● Problem to solve
Each line below needs to be returned exactly. Skip any picture.

● Recorded information
^^^^^^^^^^^^^^^^
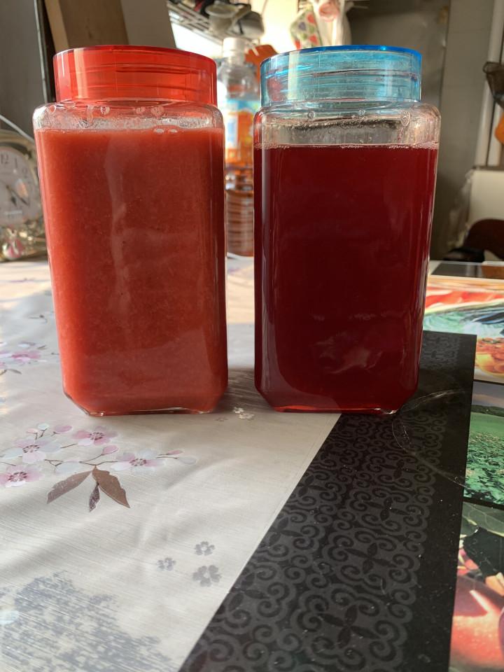 薄いピンクは果肉入りで砂糖なし
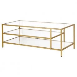 Budget ๐ฅ Levi 44 in. Brass Rectangle Glass Console Table with Storage by Meyer&Cross ๐ฅ
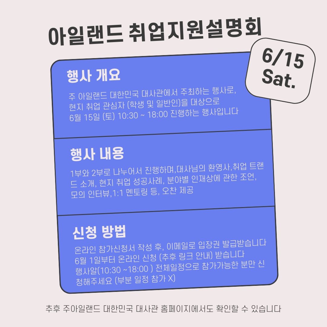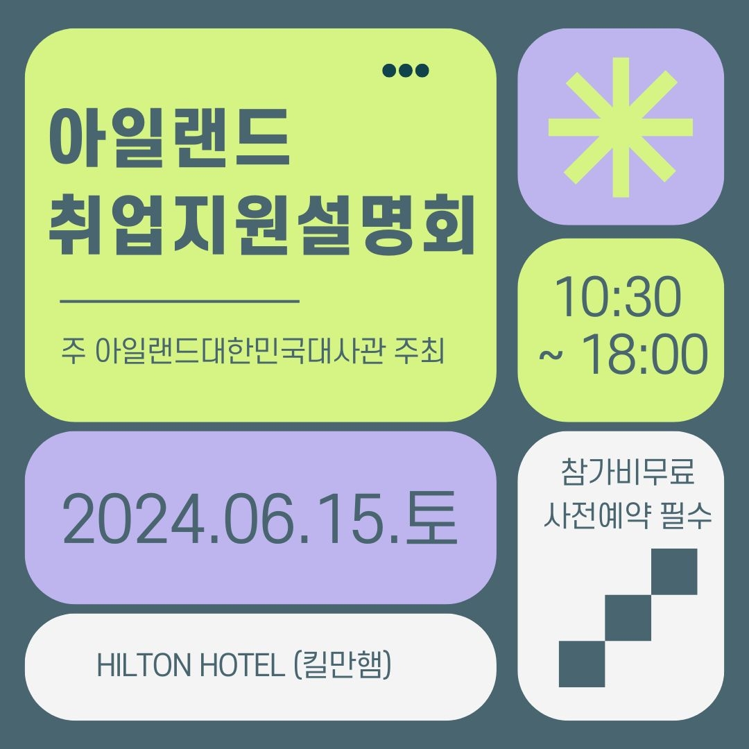 주 아일랜드 대한민국 대사관이 주최하는 [ 아일랜드 취업지원 설명회]가 2024년 6월 15일 (토) 더블린 힐튼호텔에서 진행됩니다.
^^^^^^^^^^^^^^^^
● Answer to the problem
 薄いピンクは果肉入りで砂糖なし
 Budget ๐ฅ Levi 44 in. Brass Rectangle Glass Console Table with Storage by Meyer&Cross ๐ฅ
 주 아일랜드 대한민국 대사관이 주최하는 [ 아일랜드 취업지원 설명회]가 2024년 6월 15일 (토) 더블린 힐튼호텔에서 진행됩니다.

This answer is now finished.